▸ Your goal: Span requested from the data below: the line with "園庭で道路の横断練習をする 園児たち(年 中・年 少)(4)" through the line with "Morgen komt het", both included. Give only these lines again, exactly, and leave every picture out.

+++++

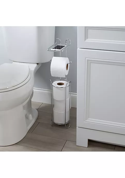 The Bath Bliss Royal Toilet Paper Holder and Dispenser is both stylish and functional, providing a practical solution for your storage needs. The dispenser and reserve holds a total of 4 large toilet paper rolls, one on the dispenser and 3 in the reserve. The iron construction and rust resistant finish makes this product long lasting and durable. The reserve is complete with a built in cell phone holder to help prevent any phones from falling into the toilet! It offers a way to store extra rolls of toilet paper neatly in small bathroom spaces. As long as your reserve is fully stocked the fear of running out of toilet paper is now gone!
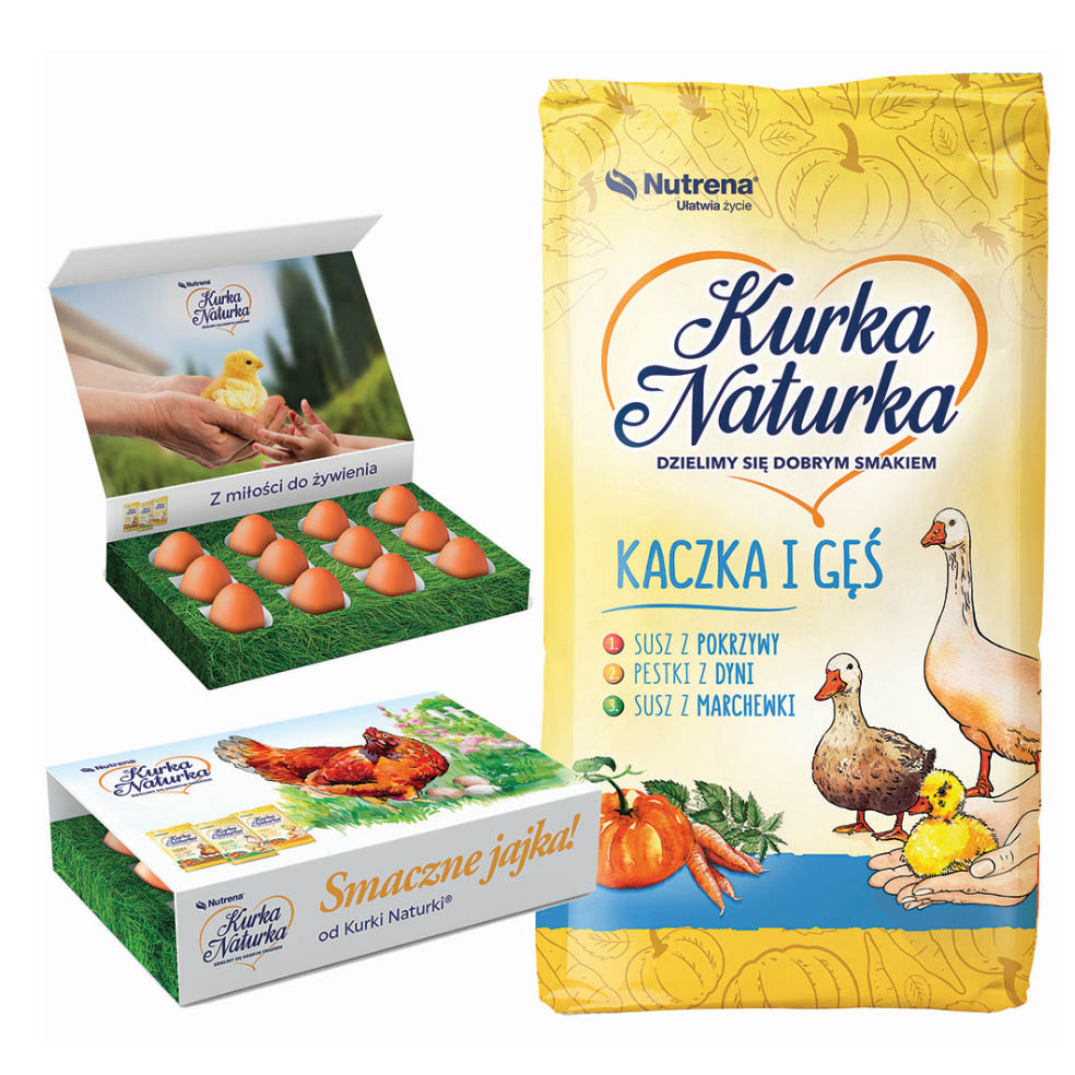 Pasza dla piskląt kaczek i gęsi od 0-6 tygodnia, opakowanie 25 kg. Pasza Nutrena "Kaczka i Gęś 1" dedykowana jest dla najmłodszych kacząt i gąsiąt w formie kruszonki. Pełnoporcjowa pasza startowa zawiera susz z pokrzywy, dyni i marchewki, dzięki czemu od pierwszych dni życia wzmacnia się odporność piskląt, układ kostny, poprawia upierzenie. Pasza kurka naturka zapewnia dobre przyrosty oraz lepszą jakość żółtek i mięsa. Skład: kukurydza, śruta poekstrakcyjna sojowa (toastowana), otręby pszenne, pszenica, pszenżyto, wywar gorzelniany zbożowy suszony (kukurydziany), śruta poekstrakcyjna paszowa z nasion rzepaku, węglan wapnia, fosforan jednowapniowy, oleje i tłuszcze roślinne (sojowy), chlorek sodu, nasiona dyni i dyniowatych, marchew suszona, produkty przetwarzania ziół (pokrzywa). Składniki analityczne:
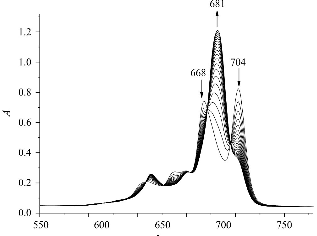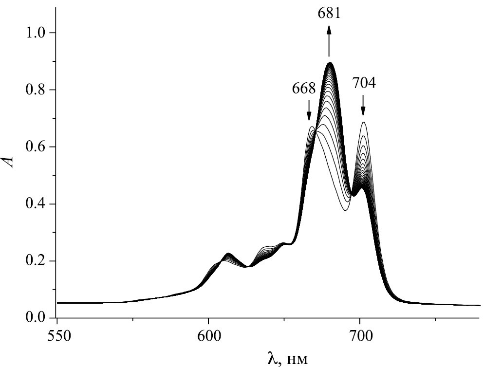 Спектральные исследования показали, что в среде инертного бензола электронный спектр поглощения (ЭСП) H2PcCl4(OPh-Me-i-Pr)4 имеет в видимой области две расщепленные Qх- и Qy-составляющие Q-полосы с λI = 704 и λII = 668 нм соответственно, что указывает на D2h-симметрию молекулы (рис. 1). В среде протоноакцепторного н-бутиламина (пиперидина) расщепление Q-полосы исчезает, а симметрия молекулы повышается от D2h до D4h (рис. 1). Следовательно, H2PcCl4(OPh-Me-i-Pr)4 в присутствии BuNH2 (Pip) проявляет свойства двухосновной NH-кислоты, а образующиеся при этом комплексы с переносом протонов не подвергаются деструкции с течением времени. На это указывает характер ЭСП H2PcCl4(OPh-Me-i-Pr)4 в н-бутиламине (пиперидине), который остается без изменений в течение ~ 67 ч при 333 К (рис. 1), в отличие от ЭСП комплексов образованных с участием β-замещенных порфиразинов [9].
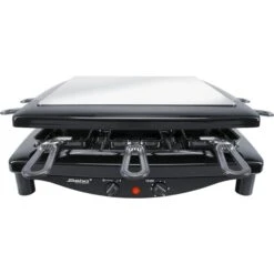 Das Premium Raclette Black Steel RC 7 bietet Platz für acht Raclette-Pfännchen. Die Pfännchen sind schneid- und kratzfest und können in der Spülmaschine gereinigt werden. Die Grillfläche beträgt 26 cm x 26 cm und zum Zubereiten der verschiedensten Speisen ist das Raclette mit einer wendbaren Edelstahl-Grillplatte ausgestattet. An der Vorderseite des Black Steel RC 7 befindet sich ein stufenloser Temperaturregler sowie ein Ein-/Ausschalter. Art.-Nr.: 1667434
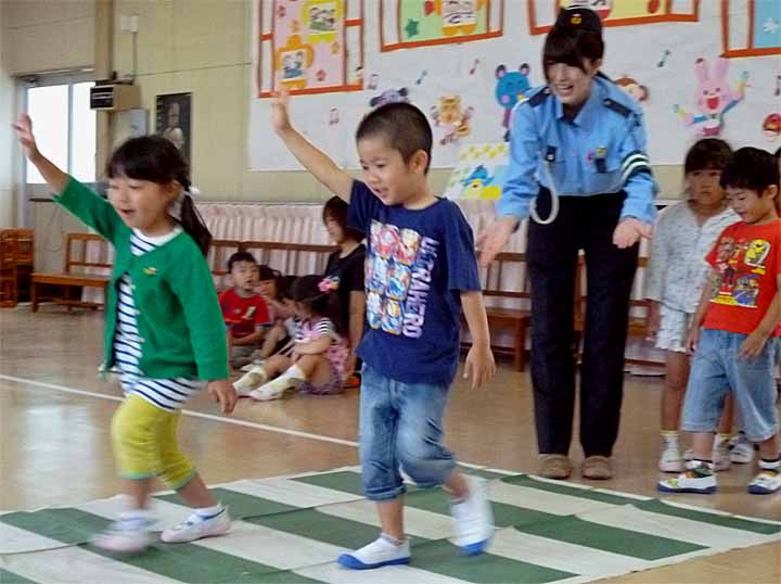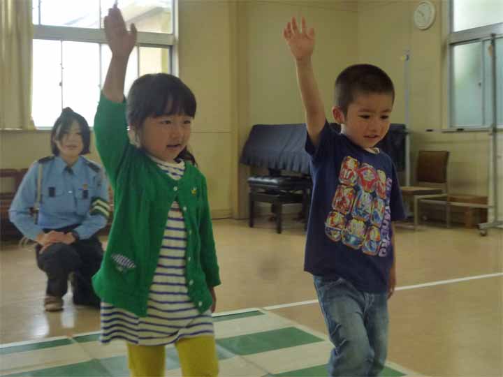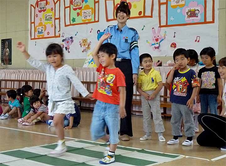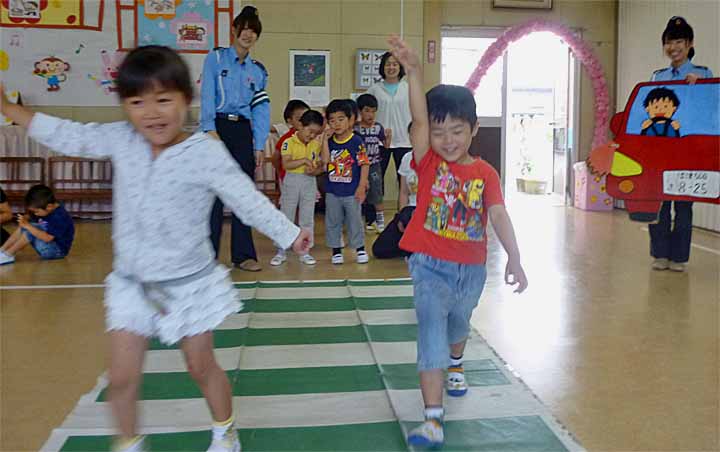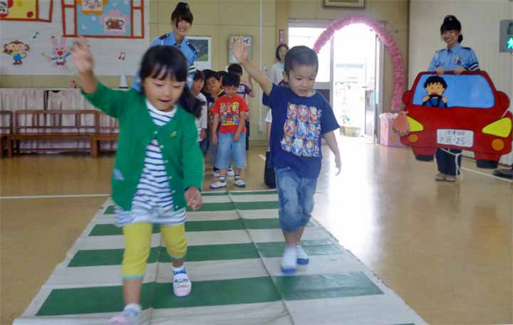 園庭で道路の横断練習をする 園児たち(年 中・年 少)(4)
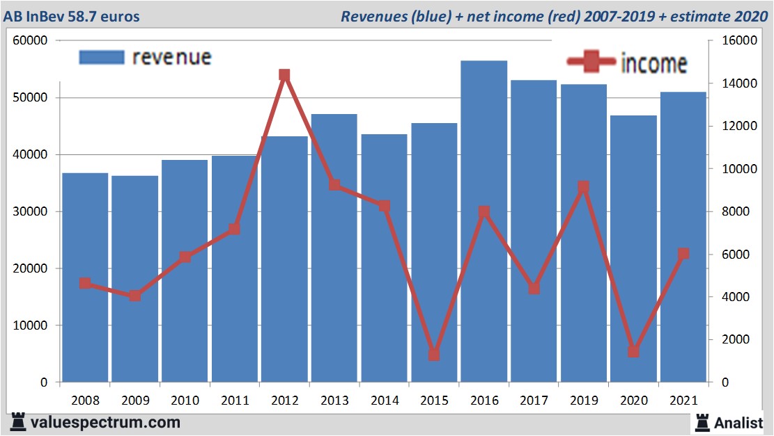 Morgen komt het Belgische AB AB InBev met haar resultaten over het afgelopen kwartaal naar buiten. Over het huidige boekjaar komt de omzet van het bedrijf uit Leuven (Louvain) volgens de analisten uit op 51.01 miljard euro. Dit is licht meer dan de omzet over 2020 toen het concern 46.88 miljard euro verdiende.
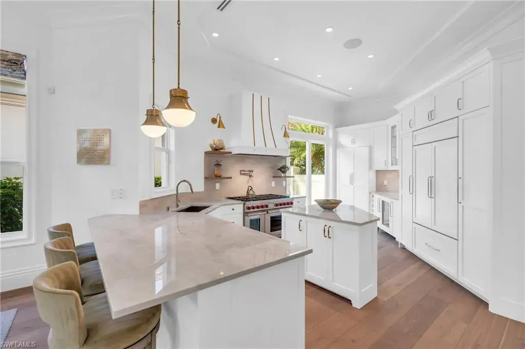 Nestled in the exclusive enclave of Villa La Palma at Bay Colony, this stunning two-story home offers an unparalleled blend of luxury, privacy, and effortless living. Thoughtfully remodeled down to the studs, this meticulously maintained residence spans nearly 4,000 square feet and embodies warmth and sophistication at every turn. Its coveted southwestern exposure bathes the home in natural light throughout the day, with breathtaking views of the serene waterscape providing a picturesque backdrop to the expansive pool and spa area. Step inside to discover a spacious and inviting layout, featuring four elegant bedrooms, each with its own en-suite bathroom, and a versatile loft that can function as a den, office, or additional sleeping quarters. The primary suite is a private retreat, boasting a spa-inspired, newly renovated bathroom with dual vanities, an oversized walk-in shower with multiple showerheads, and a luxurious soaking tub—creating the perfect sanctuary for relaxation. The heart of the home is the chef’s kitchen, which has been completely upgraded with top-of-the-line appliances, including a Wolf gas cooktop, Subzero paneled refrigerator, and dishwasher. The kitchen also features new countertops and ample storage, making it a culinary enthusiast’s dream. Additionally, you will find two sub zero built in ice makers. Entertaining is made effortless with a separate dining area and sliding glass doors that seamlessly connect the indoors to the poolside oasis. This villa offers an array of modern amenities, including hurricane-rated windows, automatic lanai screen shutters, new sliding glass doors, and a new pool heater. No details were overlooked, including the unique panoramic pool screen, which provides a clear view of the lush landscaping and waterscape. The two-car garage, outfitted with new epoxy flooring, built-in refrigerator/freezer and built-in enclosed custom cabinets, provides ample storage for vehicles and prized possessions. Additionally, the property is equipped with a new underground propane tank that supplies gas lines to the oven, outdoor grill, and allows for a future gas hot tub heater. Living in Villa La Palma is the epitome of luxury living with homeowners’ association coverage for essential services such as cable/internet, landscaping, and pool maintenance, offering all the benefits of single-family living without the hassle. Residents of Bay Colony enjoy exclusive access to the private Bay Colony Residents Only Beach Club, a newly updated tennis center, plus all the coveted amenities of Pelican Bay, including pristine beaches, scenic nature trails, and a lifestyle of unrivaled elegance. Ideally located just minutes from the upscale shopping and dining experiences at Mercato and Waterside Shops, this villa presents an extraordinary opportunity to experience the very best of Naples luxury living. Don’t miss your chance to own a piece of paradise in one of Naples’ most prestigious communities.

+++++

▸ Task output:
 園庭で道路の横断練習をする 園児たち(年 中・年 少)(4)
 Morgen komt het Belgische AB AB InBev met haar resultaten over het afgelopen kwartaal naar buiten. Over het huidige boekjaar komt de omzet van het bedrijf uit Leuven (Louvain) volgens de analisten uit op 51.01 miljard euro. Dit is licht meer dan de omzet over 2020 toen het concern 46.88 miljard euro verdiende.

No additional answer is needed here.